The fundamental part of our project is the Google OR Tools Solver. To keep our MainLayout class (Vaadin main view) from being overcrowded with building our entire model in the main page, we created a Solver class that handles storage, calling, and building of the Solver, so that all that is required in the main class is the actual instantiation . The Solver class holds most of the relevant data in constructed Solver objects with methods for actually executing solving the model. The fields include ArrayList<Bus> buses, ArrayList<Stop> stops, double[ ][ ] RDMatrix, int vehicleNumber, int mainHubIndex, RoutingIndexManager manager, RoutingModel model, RoutingSearchParameters parameters, and Assignment solution. This class has the constructor method, the Getter/Setter methods, as well as 2 custom methods. There is the buildSolver method as well the solveModel method, which build and solve the OR Tools model. Outlined below is the code behind these models.

public void buildSolver(long slackMax, long capacity, long globalSpanCoefficient) {
        //**********Solver building following the VRP example given by Google with a mix of adapted and copied methods depending on code compatibility**********//
        manager = new RoutingIndexManager(RDMatrix.length, vehicleNumber, mainHubIndex);

        model = new RoutingModel(manager);

        final int transitCallbackIndex = model.registerTransitCallback((long fromIndex, long toIndex) -> {
            int fromNode = manager.indexToNode(fromIndex);
            int toNode = manager.indexToNode(toIndex);
            return (long) RDMatrix[fromNode][toNode];
        });

        model.setArcCostEvaluatorOfAllVehicles(transitCallbackIndex);

        boolean unused = model.addDimension(transitCallbackIndex, slackMax, capacity, true, "Distance");
        RoutingDimension distanceDimension = model.getMutableDimension("Distance");
        distanceDimension.setGlobalSpanCostCoefficient(globalSpanCoefficient);

        parameters = main.defaultRoutingSearchParameters()
                .toBuilder()
                .setFirstSolutionStrategy(FirstSolutionStrategy.Value.PATH_CHEAPEST_ARC)
                .setTimeLimit(Duration.newBuilder().setSeconds(120).build())
                .build();
}

public Assignment solveModel() {
        return model.solveWithParameters(parameters);
}

Reflection

Overall this project has taught me a lot about Java and given me a much more solid understanding about the logistics that go into public transit. While I don’t feel this project necessarily taught me any new skills in object-oriented programming, it definitely served to solidify my understands of the concepts that are key to it as well improve my knowledge of quick commands such as fn + alt + del for quick insertion of common methods. This project did teach me a lot more about collaboration however. The main things I learned from scratch in this project are the hard skills required for programming with a team such as utilization of GitHub Teams/Repos and proper code merging practices. Though not learned from scratch, this project also improved a lot of my soft skills in teamwork and collaboration such as communication, compromise, and scheduling. I am truly proud of what my team was able to accomplish, going from never having met before to working together to make a useful and educational tool.

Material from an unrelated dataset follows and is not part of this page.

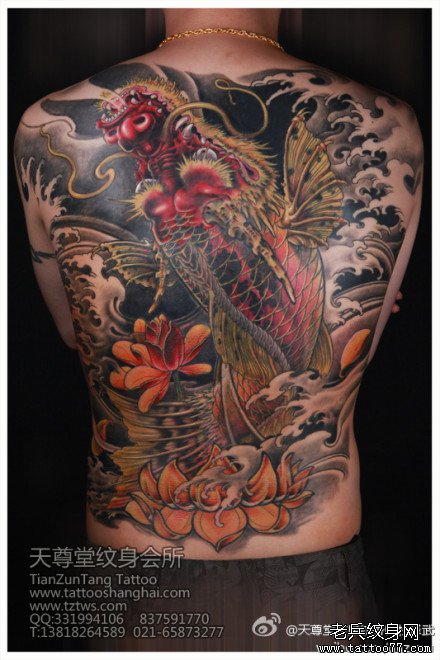 男人后背霸气超酷的满背鳌鱼纹身图案

I am proud that I was able to take on a coordinating role in the group, often initiating conversations about work splitting, scheduling, and meetings, as well as my hard contributions to the code such as the methods and classes mentioned above. This project has made me grow vastly more competent in my researching skills when it comes to tracking down methods of completing a goal as I often had to search out tools and resources to be able to accomplish such an open-ended project. I am extremely grateful for my teammates Zach and Rachel, as well as my teacher Mr. Crisel and my coordinating TA, Ahmed Khan.